29 Aug 2011

Comparing Two Distributions

Here I compare two distributions, flowering duration of indigenous and allochtonous plant species. The hypothesis is that alien compared to indigenous plant species exhibit longer flowering periods.

download data*

*Data is courtesy of BiolFlor:
Klotz, S., Kühn, I. & Durka, W. [Hrsg.] (2002): BIOLFLOR - Eine Datenbank zu biologisch-ökologischen Merkmalen der Gefäßpflanzen in Deutschland. - Schriftenreihe für Vegetationskunde 38. Bonn: Bundesamt für Naturschutz.

## comparing flowering time in indigenous and alien species by
## usage of a quantile-quantile plot (qqplot), the ks-test, by
## testing shifts in medians (wilcox test) and by testing
## difference of means (t-test, as we deal with integer and
## not a continous variable it is not the most appropiate choice)
## as well as by a chi-square test:

dat <- read.csv("E:\\R\\Data\\flowering_alien_vs_indigen.csv",
                sep = ";")


histogram(~ Flowering|Status, data = dat, col = "gray60", layout = c(1, 2),
          xlab = list("Months of flowering"),
          ylab = list("Percentage of total"),
          scales = list(y = list(alternating = F)),
          strip = strip.custom(factor.levels = c("alien", "indigenous")))

qqplot(dat$Flowering[dat$Status == "indigen"],
       dat$Flowering[dat$Status == "Neophyt"])
abline(a = 0, b = 1, lty = 3)

ks.test(dat$Flowering[dat$Status == "indigen"],
        dat$Flowering[dat$Status == "Neophyt"])

wilcox.test(Flowering ~ Status, data = dat)
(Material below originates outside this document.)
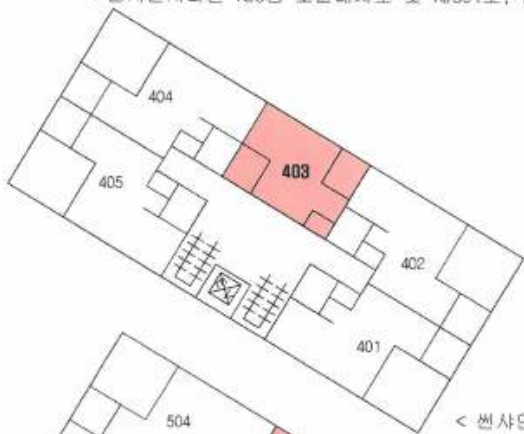
< 썬사인시티빌 제4층 호별배치도 및 제403호 내부구조도 >

t.test(Flowering ~ Status, data = dat)

## Note that in the two-sample case the estimator for the
## difference in location parameters does not estimate
## the difference in medians (a common misconception) but
## rather the median of the difference between a sample
## from x and a sample from y.

## as we deal with a limited number of classes (1-12 months)
## and sample size is big enough my favourite would be a
## chi-square test:

m <- table(dat$Status, dat$Flowering)

(Xsq <- chisq.test(m))  # Prints test summary
Xsq$observed   # observed counts (same as M)
Xsq$expected   # expected counts under the null
Xsq$residuals  # Pearson residuals
Xsq$stdres     # standardized residuals


  1. Thank you for posting this! I have a similar type of data set and these comments/codes were vastly helpful.
    -JW, California, USA

  2. Hi,

    I am unable to access the data you uploaded. Can you check your link please?